Saved data entries:
────────────────────────────────────────

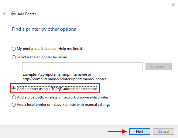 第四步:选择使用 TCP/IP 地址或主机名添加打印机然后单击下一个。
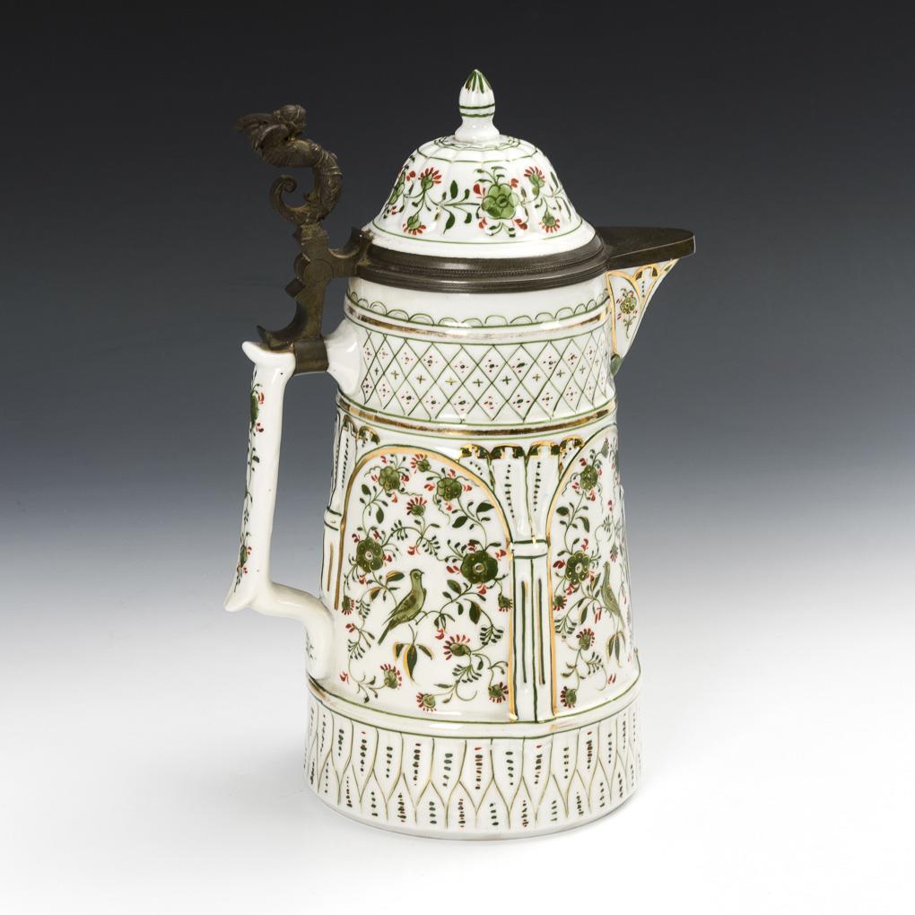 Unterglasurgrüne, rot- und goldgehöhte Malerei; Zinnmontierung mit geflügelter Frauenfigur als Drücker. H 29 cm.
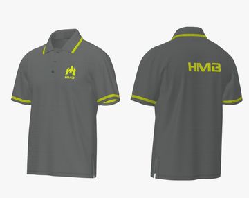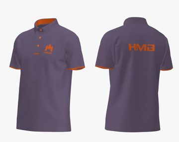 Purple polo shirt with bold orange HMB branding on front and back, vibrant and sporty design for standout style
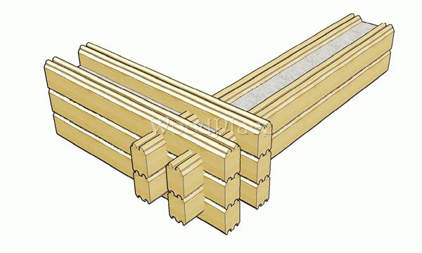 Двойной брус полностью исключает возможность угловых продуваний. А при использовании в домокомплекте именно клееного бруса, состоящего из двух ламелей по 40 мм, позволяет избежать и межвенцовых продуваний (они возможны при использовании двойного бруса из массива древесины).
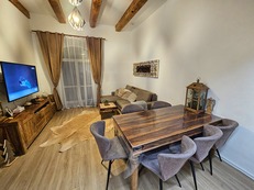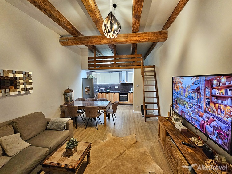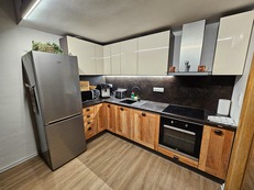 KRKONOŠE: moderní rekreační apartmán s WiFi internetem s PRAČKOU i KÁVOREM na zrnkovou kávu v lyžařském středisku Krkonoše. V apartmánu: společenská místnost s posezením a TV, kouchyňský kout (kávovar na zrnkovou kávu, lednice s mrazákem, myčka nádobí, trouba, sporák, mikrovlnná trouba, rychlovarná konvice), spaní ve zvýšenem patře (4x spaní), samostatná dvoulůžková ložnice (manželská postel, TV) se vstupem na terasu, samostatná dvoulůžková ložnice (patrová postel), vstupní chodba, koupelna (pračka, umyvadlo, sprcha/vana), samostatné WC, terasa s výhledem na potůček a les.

────────────────────────────────────────

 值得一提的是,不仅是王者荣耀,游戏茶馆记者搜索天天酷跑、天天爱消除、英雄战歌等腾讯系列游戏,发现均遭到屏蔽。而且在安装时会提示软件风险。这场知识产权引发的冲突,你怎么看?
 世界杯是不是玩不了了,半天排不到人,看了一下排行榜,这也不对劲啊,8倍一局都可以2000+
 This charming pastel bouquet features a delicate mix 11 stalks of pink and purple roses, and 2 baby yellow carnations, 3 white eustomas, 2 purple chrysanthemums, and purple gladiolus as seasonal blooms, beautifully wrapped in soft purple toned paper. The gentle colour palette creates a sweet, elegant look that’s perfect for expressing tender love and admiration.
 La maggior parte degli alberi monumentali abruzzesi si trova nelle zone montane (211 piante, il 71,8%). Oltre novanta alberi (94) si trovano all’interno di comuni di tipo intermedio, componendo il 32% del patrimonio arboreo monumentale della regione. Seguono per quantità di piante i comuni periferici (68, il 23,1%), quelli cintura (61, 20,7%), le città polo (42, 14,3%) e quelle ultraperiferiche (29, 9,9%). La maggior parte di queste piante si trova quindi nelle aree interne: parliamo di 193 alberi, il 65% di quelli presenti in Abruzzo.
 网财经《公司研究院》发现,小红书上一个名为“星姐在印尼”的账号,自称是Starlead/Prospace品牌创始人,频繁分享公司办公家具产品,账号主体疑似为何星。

────────────────────────────────────────

▶ [Task instructions]: What you return must match, character for character, the lines above from the one with "Unterglasurgrüne, rot- und" through the one with "KRKONOŠE: moderní rekreační", minus any pictures.

▶ [Answer section]:
 Unterglasurgrüne, rot- und goldgehöhte Malerei; Zinnmontierung mit geflügelter Frauenfigur als Drücker. H 29 cm.
 Purple polo shirt with bold orange HMB branding on front and back, vibrant and sporty design for standout style
 Двойной брус полностью исключает возможность угловых продуваний. А при использовании в домокомплекте именно клееного бруса, состоящего из двух ламелей по 40 мм, позволяет избежать и межвенцовых продуваний (они возможны при использовании двойного бруса из массива древесины).
 KRKONOŠE: moderní rekreační apartmán s WiFi internetem s PRAČKOU i KÁVOREM na zrnkovou kávu v lyžařském středisku Krkonoše. V apartmánu: společenská místnost s posezením a TV, kouchyňský kout (kávovar na zrnkovou kávu, lednice s mrazákem, myčka nádobí, trouba, sporák, mikrovlnná trouba, rychlovarná konvice), spaní ve zvýšenem patře (4x spaní), samostatná dvoulůžková ložnice (manželská postel, TV) se vstupem na terasu, samostatná dvoulůžková ložnice (patrová postel), vstupní chodba, koupelna (pračka, umyvadlo, sprcha/vana), samostatné WC, terasa s výhledem na potůček a les.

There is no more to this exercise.